▶ [Material for this task]:
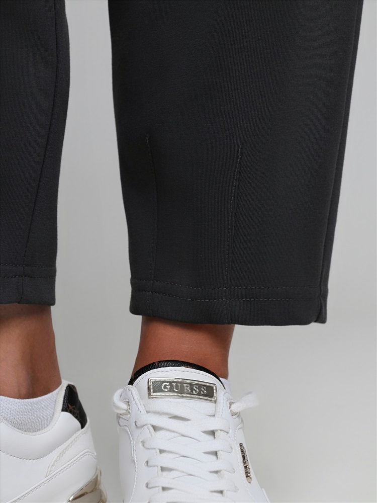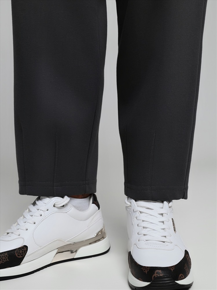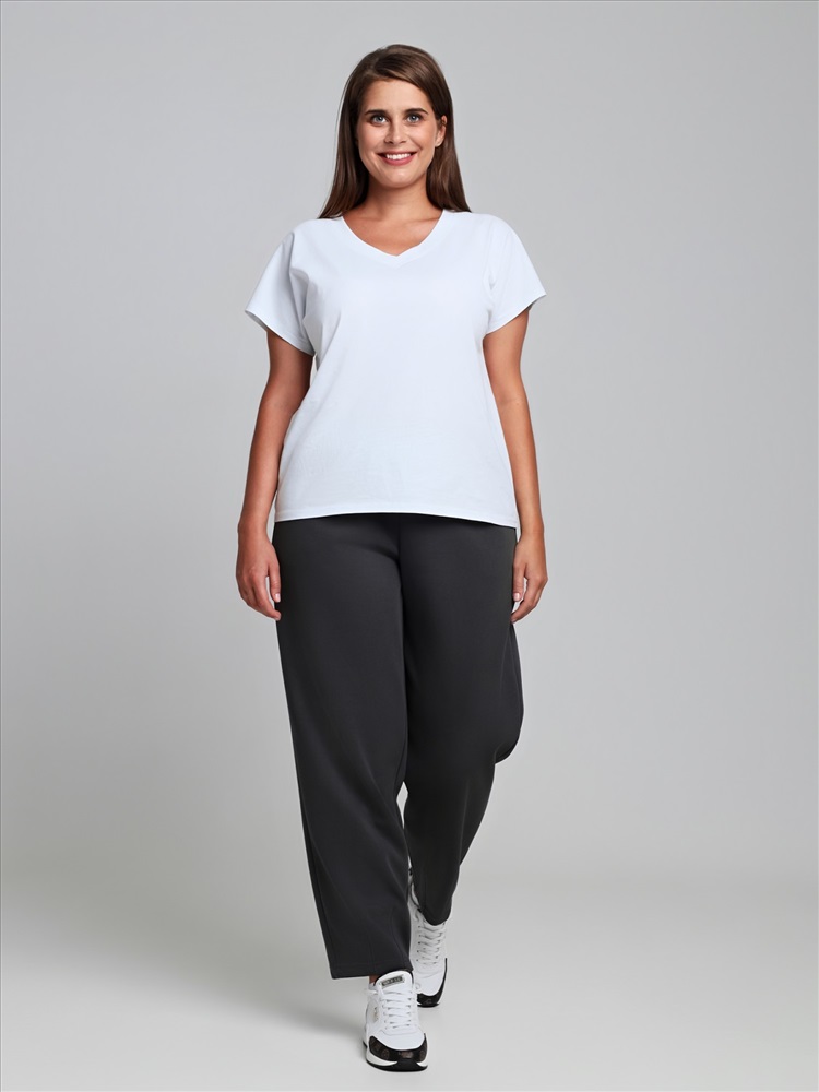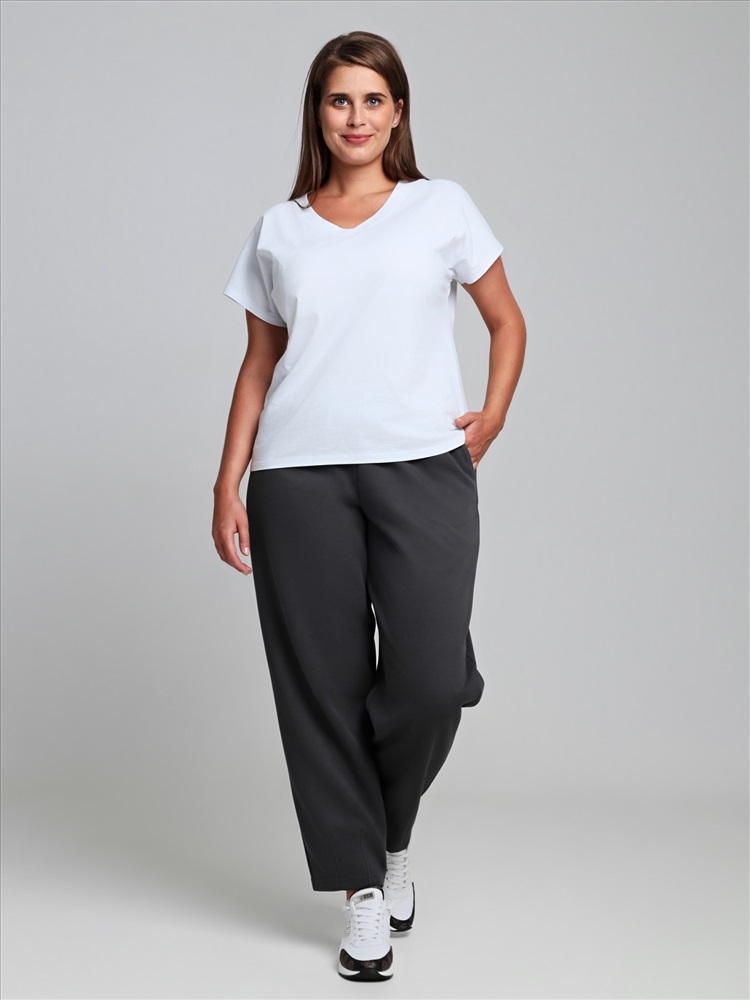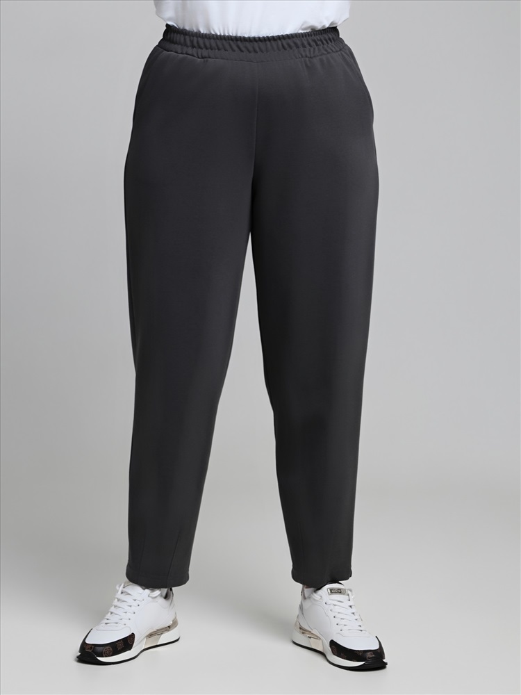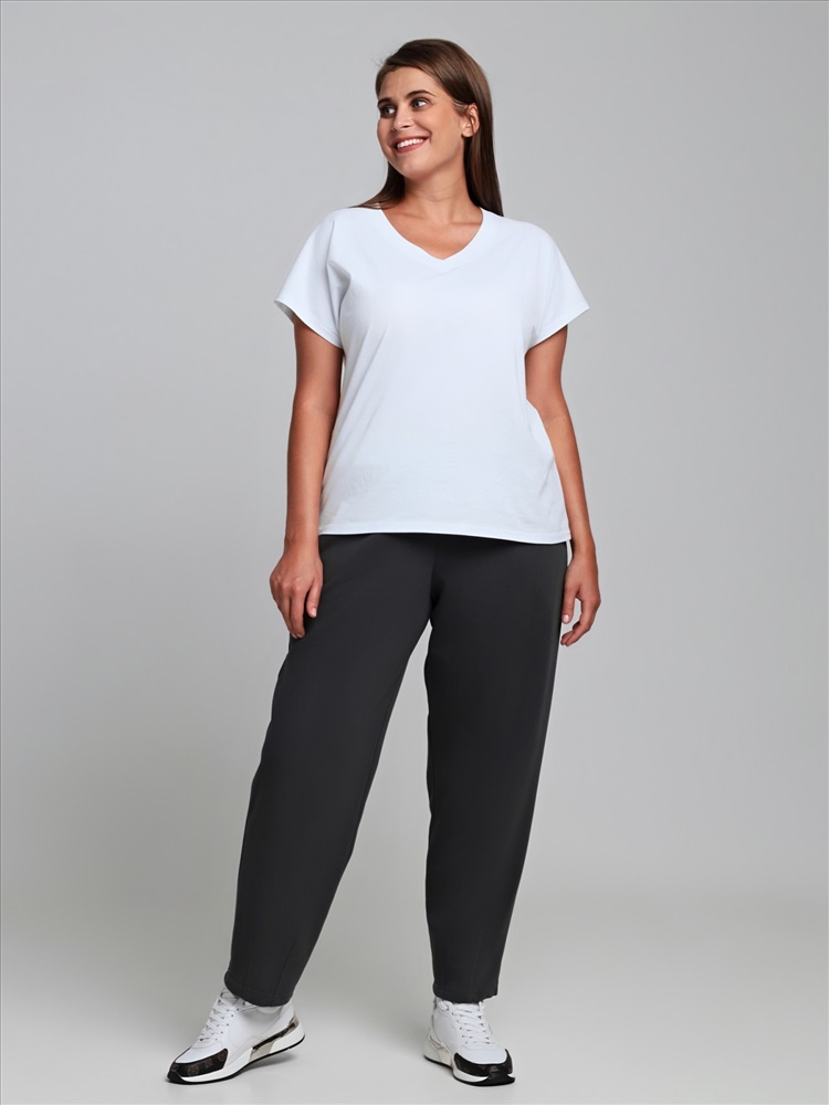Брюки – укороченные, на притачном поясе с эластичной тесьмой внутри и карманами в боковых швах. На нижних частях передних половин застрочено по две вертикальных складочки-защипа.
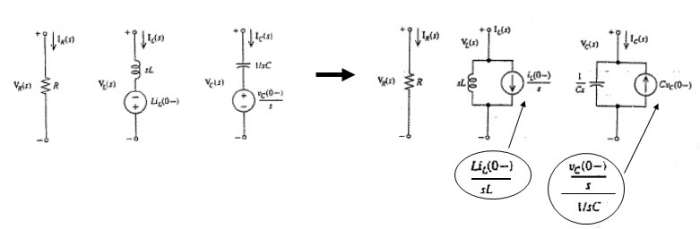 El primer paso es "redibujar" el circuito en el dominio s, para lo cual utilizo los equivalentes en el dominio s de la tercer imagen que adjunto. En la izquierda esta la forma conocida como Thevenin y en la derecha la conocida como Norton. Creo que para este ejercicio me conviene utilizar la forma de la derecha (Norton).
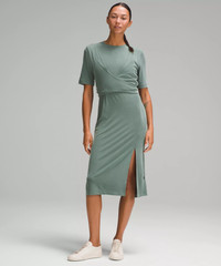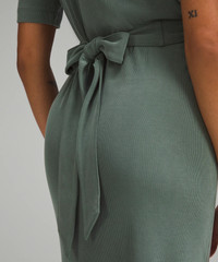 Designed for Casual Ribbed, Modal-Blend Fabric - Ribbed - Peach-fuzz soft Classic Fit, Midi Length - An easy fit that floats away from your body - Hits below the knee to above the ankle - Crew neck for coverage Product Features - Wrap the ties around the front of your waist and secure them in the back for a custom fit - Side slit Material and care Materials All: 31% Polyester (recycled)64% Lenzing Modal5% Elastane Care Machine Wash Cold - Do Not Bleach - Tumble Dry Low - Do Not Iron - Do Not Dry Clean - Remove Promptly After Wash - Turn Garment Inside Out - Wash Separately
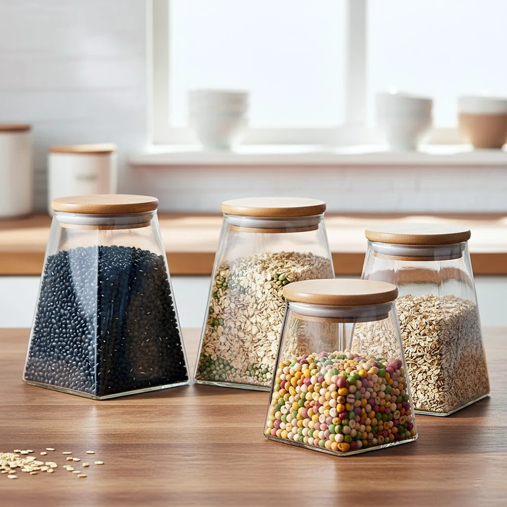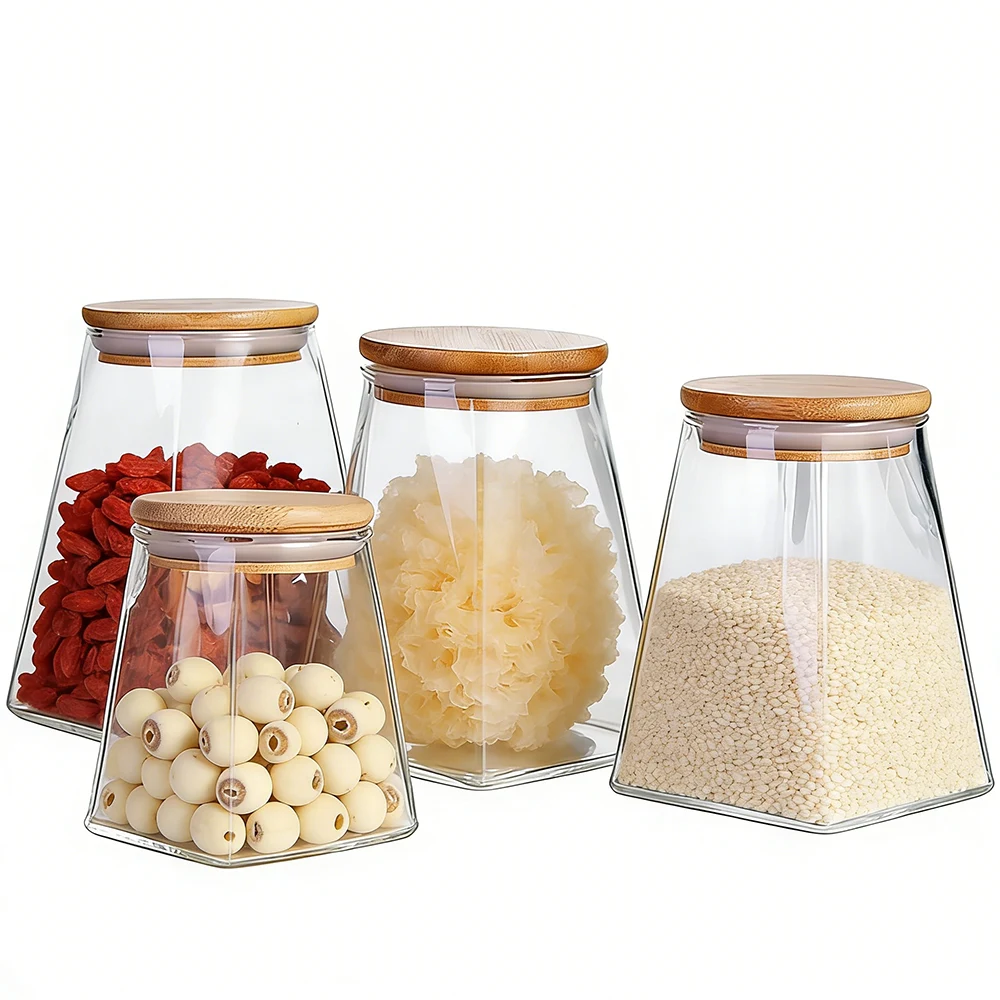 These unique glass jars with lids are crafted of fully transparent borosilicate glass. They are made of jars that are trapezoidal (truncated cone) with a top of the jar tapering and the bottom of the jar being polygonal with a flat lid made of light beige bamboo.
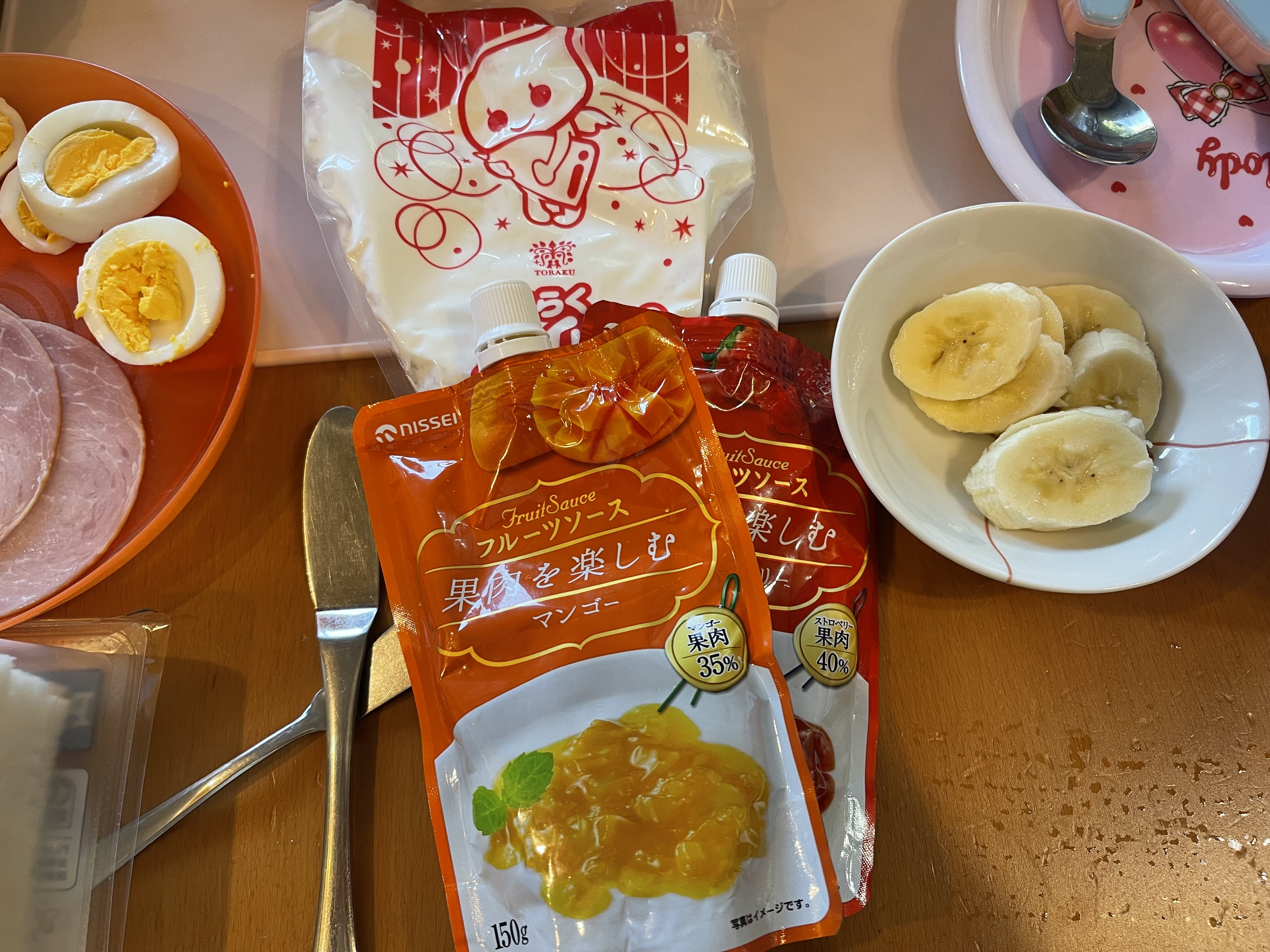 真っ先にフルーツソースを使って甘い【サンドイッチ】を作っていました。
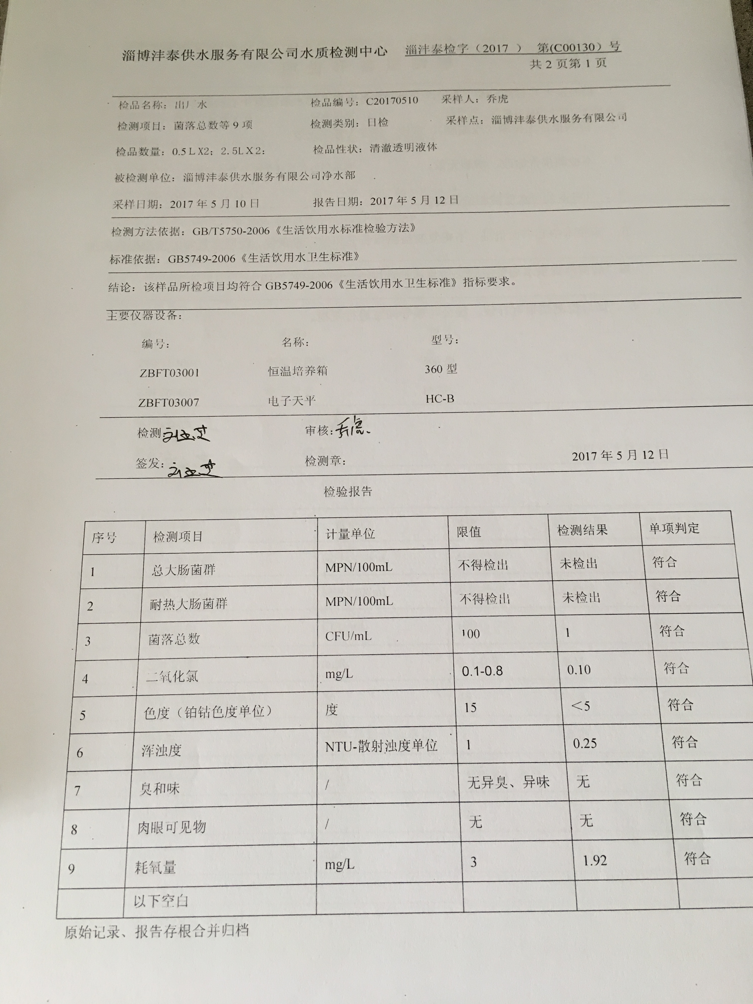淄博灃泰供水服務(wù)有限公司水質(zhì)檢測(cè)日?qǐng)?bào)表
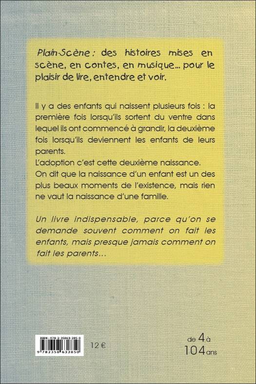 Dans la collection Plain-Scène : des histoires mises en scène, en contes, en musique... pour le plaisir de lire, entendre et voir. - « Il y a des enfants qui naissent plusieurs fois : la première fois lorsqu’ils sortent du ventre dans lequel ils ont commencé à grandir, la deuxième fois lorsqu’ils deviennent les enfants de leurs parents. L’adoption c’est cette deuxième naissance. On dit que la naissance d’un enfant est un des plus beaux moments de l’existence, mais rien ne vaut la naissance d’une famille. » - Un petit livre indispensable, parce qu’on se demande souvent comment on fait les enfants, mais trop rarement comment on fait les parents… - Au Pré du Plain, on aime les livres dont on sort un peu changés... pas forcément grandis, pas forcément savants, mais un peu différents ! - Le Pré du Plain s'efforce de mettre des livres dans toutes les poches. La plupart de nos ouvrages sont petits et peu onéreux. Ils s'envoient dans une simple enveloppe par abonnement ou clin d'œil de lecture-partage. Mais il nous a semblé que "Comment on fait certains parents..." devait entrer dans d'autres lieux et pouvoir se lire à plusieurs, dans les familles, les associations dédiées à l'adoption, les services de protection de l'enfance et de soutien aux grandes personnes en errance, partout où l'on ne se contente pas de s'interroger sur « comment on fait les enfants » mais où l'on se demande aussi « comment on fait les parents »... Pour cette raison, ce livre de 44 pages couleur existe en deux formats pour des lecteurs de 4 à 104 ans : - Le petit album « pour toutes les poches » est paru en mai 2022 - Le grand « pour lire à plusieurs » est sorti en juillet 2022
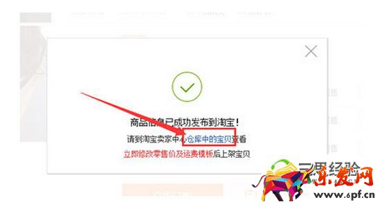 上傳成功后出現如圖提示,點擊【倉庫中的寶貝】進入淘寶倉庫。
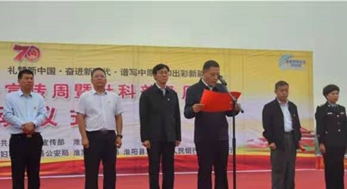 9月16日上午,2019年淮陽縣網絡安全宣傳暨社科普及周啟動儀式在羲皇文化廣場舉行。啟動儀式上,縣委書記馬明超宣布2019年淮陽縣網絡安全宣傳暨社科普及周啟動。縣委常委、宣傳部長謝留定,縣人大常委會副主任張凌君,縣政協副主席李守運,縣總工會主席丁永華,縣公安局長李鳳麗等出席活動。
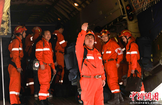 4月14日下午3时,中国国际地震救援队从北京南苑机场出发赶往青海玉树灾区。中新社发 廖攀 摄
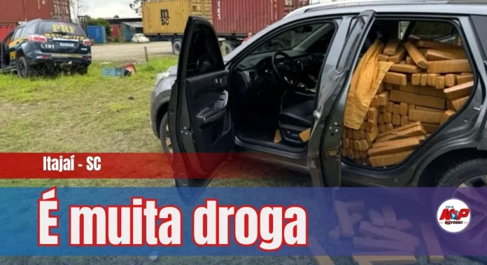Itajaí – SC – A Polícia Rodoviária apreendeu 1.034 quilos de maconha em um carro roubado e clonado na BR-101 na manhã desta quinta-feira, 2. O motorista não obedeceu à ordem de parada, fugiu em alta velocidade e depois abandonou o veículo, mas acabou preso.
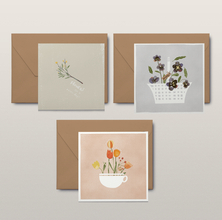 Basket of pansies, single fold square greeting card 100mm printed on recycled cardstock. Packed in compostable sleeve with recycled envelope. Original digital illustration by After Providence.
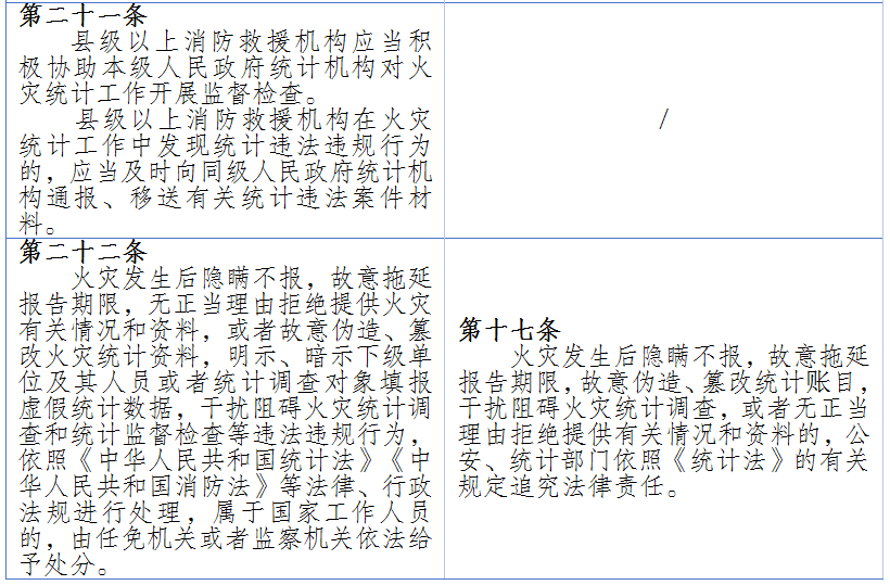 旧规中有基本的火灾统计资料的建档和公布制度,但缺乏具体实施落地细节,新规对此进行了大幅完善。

▶ [Task details]:
So that the copy stays exact, reproduce each record word for word and leave its images out.

▶ [Expected output]:
Брюки – укороченные, на притачном поясе с эластичной тесьмой внутри и карманами в боковых швах. На нижних частях передних половин застрочено по две вертикальных складочки-защипа.
 El primer paso es "redibujar" el circuito en el dominio s, para lo cual utilizo los equivalentes en el dominio s de la tercer imagen que adjunto. En la izquierda esta la forma conocida como Thevenin y en la derecha la conocida como Norton. Creo que para este ejercicio me conviene utilizar la forma de la derecha (Norton).
 Designed for Casual Ribbed, Modal-Blend Fabric - Ribbed - Peach-fuzz soft Classic Fit, Midi Length - An easy fit that floats away from your body - Hits below the knee to above the ankle - Crew neck for coverage Product Features - Wrap the ties around the front of your waist and secure them in the back for a custom fit - Side slit Material and care Materials All: 31% Polyester (recycled)64% Lenzing Modal5% Elastane Care Machine Wash Cold - Do Not Bleach - Tumble Dry Low - Do Not Iron - Do Not Dry Clean - Remove Promptly After Wash - Turn Garment Inside Out - Wash Separately
 These unique glass jars with lids are crafted of fully transparent borosilicate glass. They are made of jars that are trapezoidal (truncated cone) with a top of the jar tapering and the bottom of the jar being polygonal with a flat lid made of light beige bamboo.
 真っ先にフルーツソースを使って甘い【サンドイッチ】を作っていました。
淄博灃泰供水服務(wù)有限公司水質(zhì)檢測(cè)日?qǐng)?bào)表
 Dans la collection Plain-Scène : des histoires mises en scène, en contes, en musique... pour le plaisir de lire, entendre et voir. - « Il y a des enfants qui naissent plusieurs fois : la première fois lorsqu’ils sortent du ventre dans lequel ils ont commencé à grandir, la deuxième fois lorsqu’ils deviennent les enfants de leurs parents. L’adoption c’est cette deuxième naissance. On dit que la naissance d’un enfant est un des plus beaux moments de l’existence, mais rien ne vaut la naissance d’une famille. » - Un petit livre indispensable, parce qu’on se demande souvent comment on fait les enfants, mais trop rarement comment on fait les parents… - Au Pré du Plain, on aime les livres dont on sort un peu changés... pas forcément grandis, pas forcément savants, mais un peu différents ! - Le Pré du Plain s'efforce de mettre des livres dans toutes les poches. La plupart de nos ouvrages sont petits et peu onéreux. Ils s'envoient dans une simple enveloppe par abonnement ou clin d'œil de lecture-partage. Mais il nous a semblé que "Comment on fait certains parents..." devait entrer dans d'autres lieux et pouvoir se lire à plusieurs, dans les familles, les associations dédiées à l'adoption, les services de protection de l'enfance et de soutien aux grandes personnes en errance, partout où l'on ne se contente pas de s'interroger sur « comment on fait les enfants » mais où l'on se demande aussi « comment on fait les parents »... Pour cette raison, ce livre de 44 pages couleur existe en deux formats pour des lecteurs de 4 à 104 ans : - Le petit album « pour toutes les poches » est paru en mai 2022 - Le grand « pour lire à plusieurs » est sorti en juillet 2022
 上傳成功后出現如圖提示,點擊【倉庫中的寶貝】進入淘寶倉庫。
 9月16日上午,2019年淮陽縣網絡安全宣傳暨社科普及周啟動儀式在羲皇文化廣場舉行。啟動儀式上,縣委書記馬明超宣布2019年淮陽縣網絡安全宣傳暨社科普及周啟動。縣委常委、宣傳部長謝留定,縣人大常委會副主任張凌君,縣政協副主席李守運,縣總工會主席丁永華,縣公安局長李鳳麗等出席活動。
 4月14日下午3时,中国国际地震救援队从北京南苑机场出发赶往青海玉树灾区。中新社发 廖攀 摄
Itajaí – SC – A Polícia Rodoviária apreendeu 1.034 quilos de maconha em um carro roubado e clonado na BR-101 na manhã desta quinta-feira, 2. O motorista não obedeceu à ordem de parada, fugiu em alta velocidade e depois abandonou o veículo, mas acabou preso.
 Basket of pansies, single fold square greeting card 100mm printed on recycled cardstock. Packed in compostable sleeve with recycled envelope. Original digital illustration by After Providence.
 旧规中有基本的火灾统计资料的建档和公布制度,但缺乏具体实施落地细节,新规对此进行了大幅完善。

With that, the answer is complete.